The question annoyed him. “No.”

“You’ll stay in Nsukka?”

“Yes. I’m joining the new Institute for African Studies.”

“Are you writing anything?”

“No.”

Madu placed his glass of beer down; water droplets clustered on it like tiny see-through pebbles. “I don’t understand how we have found out nothing about Kainene, I don’t understand it at all,” Madu said.

Richard did not like the sound of
we
, did not know who Madu included in it. He got up and walked across the balcony and looked down at the drained pool; the floor was made of polished whitish stone, visible through the thin sheet of rainwater. He turned back to Madu. “You love her, don’t you?” he asked.

“Of course I love her.”

“Did you ever touch her?”

Madu’s laugh was short and harsh.

“Did you ever touch her?” Richard asked again, and Madu was suddenly responsible for Kainene’s disappearance. “Did you ever touch her?”

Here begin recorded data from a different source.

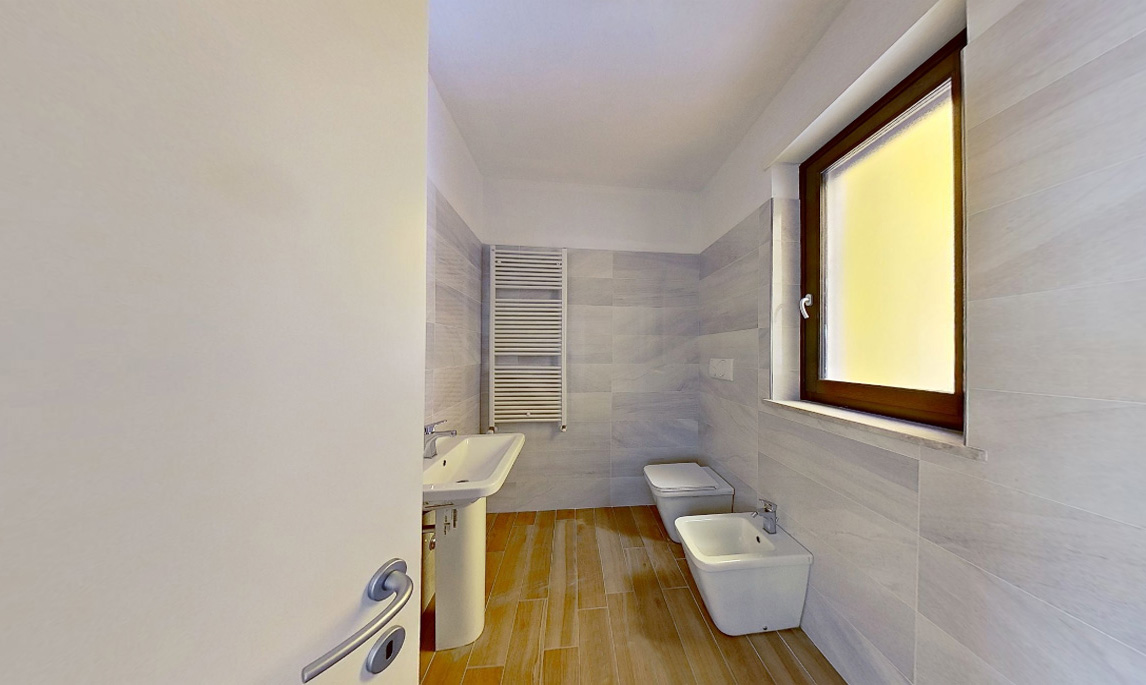L’alloggio è fornito di porta blindata, videocitofono, cronotermostato ambiente ed elettrovalvole, impianto TV centralizzato, lampade d’emergenza e predisposto sia per l’impianto d’allarme che di condizionamento. Lo stabile è provvisto di ascensori e teleriscaldamento centralizzato.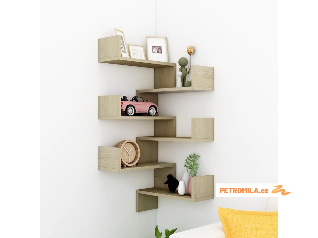 Nástěnná rohová police je stabilní a robustní. Její jedinečný design z ní dělá inovativní dekorační doplněk. Můžete si na ni odložit různé drobnosti a vystavit vaše oblíbené dekorativní předměty, jako jsou trofeje, knihy, sběratelské předměty, ozdoby atd. Police je velmi elegantní a ideálně využije rohový prostor.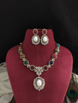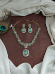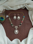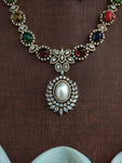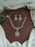 Add a regal touch to your festive or wedding look with this stunning Victorian gold finish zircon necklace set. Intricately crafted with high-quality zircon stones, this set is available in three charming color options: Navaratan, Baby Pink, and Mint. The design showcases Victorian elegance with a touch of traditional charm, making it perfect for ethnic wear. Comes with matching earrings to complete the set.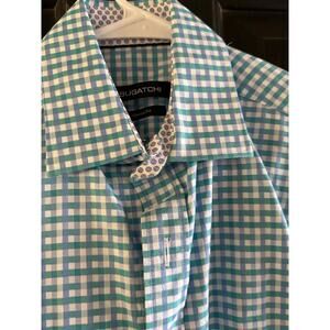 Bugatchi Blue Green Classic Fit Plaid Print Long Sleeve Button Down Shirt Size S
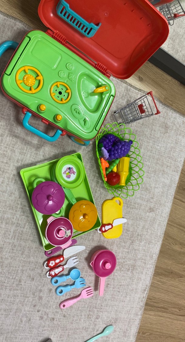 Renkli oyuncak seti, ocak, mutfak gereçleri, tabaklar ve plastik meyve sepeti içerir. Hayal gücünü destekler.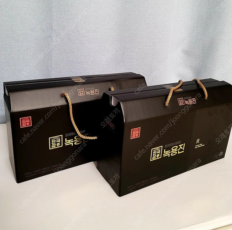 한국삼 프리미엄 녹용진 50ml x 30포 1박스 17000원. 유효기간 27년 5월 택배시 +3500원 3박스 이상시 무료배송 해드려요. (단일배송지 기준 무료배송. 직거래 택배 금액 동일합니다.) 4박스 일괄 66000원 5박스 일괄 80000원 안전결제 가능. 박스에 끈 달려있는 녹용 농축액이라 명절 선물로 좋아요. 택배는 주문하신 다음날 발송가능하고 발송 되는날 오후늦게 운송장번호 알려드릴 수 있어요. 금요일 주문시 다음주 월요일에 발송됩니다.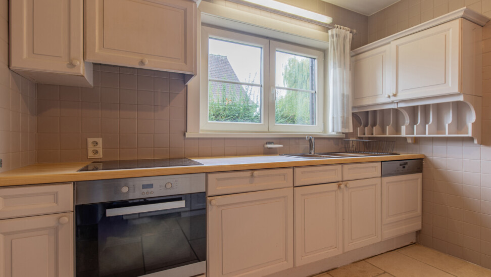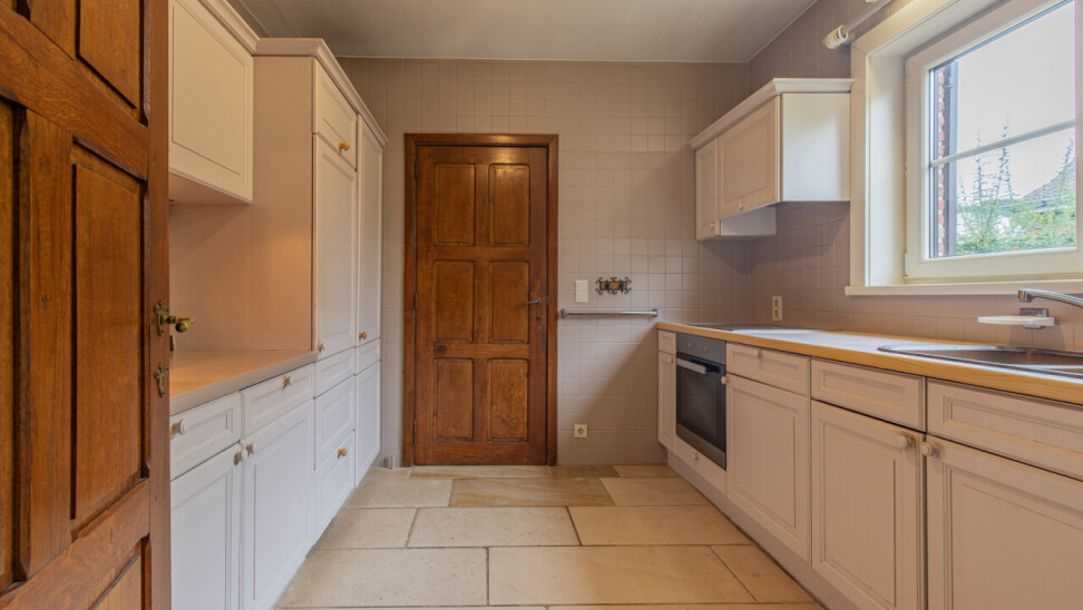 Bij het binnenkomen word je verwelkomd in een praktische inkomhal die leidt naar de leefruimte. Hier zorgen de gezellige salon en de eetplaats, met zicht op de tuin, voor een warme en uitnodigende sfeer. De keuken is apart maar kan worden geïntegreerd in de woonkamer.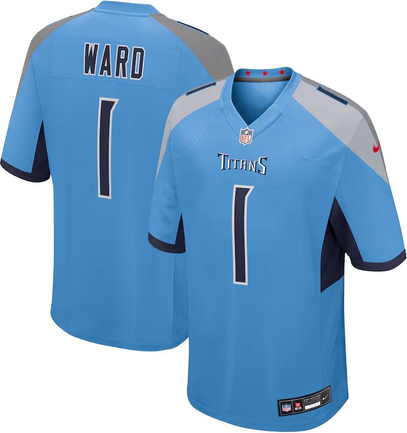 Nike Men's Tennessee Titans Cam Ward #1 White Away Game Jersey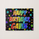 This vibrant and lively birthday-themed jigsaw puzzle design has the message "HAPPY BIRTHDAY, GAVIN" with the characters having a colourful rainbow spectrum inspired gradient pattern, along with an exciting star field background pattern. A colourful puzzle like this might be used to send a birthday greeting message to somebody named Gavin. [~Z0000468]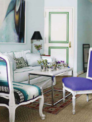 Olsen brought this room to life using bold pieces mixed with smaller pieces. His use of color against the light blue walls is perfection. A marble remnant, mercury glass, a rug, expensive remnants of fabric, and perfect placement of furnishings finish this warm home.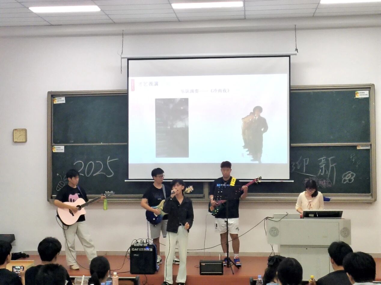 第三个节目是乐队演奏《冷雨夜》,乐队成员有2023级李创城、2023级黄刚杰、2023级袁家轩、2024级许梓阳以及新生初绽2025级万鸿雁,乐队的准备之充足、现场的效果之震撼,现场观众为之疯狂,成为此次迎新茶话会最燃的记忆点,彻底将茶话会的氛围推向高潮。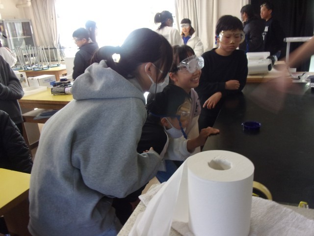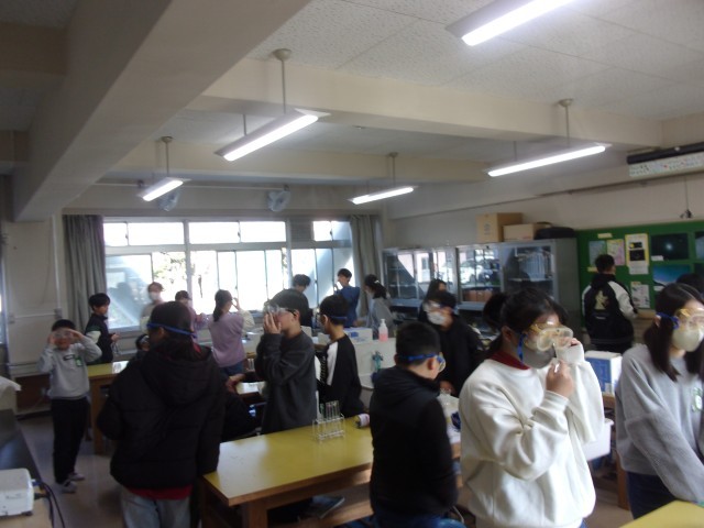 2組 理科の実験 いろいろな気体を発生させる実験をしています。みんな興味津々です!

Madu got up. Richard reached out and grasped his arm. Come back, he wanted to say, come back here and tell me if you ever laid your filthy black hand on her. Madu shrugged Richard’s hand off. Richard hit him across the face and felt his hand begin to throb.

“You idiot,” Madu said, surprised, staggering slightly.

Richard saw Madu’s arm raised, saw the swift blurred movement of a coming punch. It landed on his nose, and the pain exploded all over his face and his body felt very light as it sank down to the floor. When he touched his nose, there was blood on his fingers.

“You idiot,” Madu said again.

Richard could not get up. He pulled out his handkerchief; his hands trembled and he got some of the blood on his shirt. Madu watched him for a moment and then bent down and held his face between wide palms and examined his nose closely. Richard could smell the crayfish on Madu’s breath.

“I didn’t break it,” Madu said, and straightened up.

Richard dabbed at his nose. Darkness descended on him, and when it lifted he knew that he would never see Kainene again and that his life would always be like a candlelit room; he would see things only in shadow, only in half glimpses.